Task objective -> Reproduce every line of the listing as written, apart from the pictures.
───── Recorded information ─────
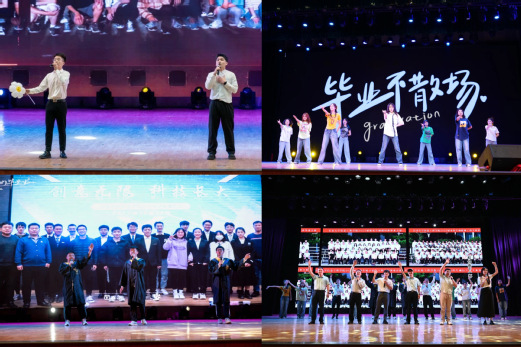 毕业典礼开场视频回顾了大学四年的点点滴滴;舞蹈、联唱歌曲《无名的人》《干杯》既是对青春的告别,也承载着对未来的展望。
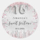 Sticker Rond Sweet 16 anniversaire argent rose parties scintill
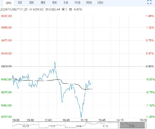 11月6日早盘,锰硅主力合约弱势下行,目前盘内报6394元,跌幅-0.47%。近期市场需求持续小幅回暖,市场预期有所好转,当前铁合金供需情况由过剩逐步趋于平衡;铁合金期货回落后试探前期市场底部获得支撑,成本支撑作用逐步显现,预计下行空间较小,建议关注回调做多的机会,仓位宜轻。
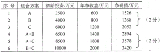 已知三个独立方案A、B、C,寿命均为10年,其现金流量如下表,基准收益率为8%,投资资金限额为10000万兀。试用方案组合法做出最佳投资决策。(结果保留整数)
─────
Exercise solution ->
 毕业典礼开场视频回顾了大学四年的点点滴滴;舞蹈、联唱歌曲《无名的人》《干杯》既是对青春的告别,也承载着对未来的展望。
 Sticker Rond Sweet 16 anniversaire argent rose parties scintill
 11月6日早盘,锰硅主力合约弱势下行,目前盘内报6394元,跌幅-0.47%。近期市场需求持续小幅回暖,市场预期有所好转,当前铁合金供需情况由过剩逐步趋于平衡;铁合金期货回落后试探前期市场底部获得支撑,成本支撑作用逐步显现,预计下行空间较小,建议关注回调做多的机会,仓位宜轻。
 已知三个独立方案A、B、C,寿命均为10年,其现金流量如下表,基准收益率为8%,投资资金限额为10000万兀。试用方案组合法做出最佳投资决策。(结果保留整数)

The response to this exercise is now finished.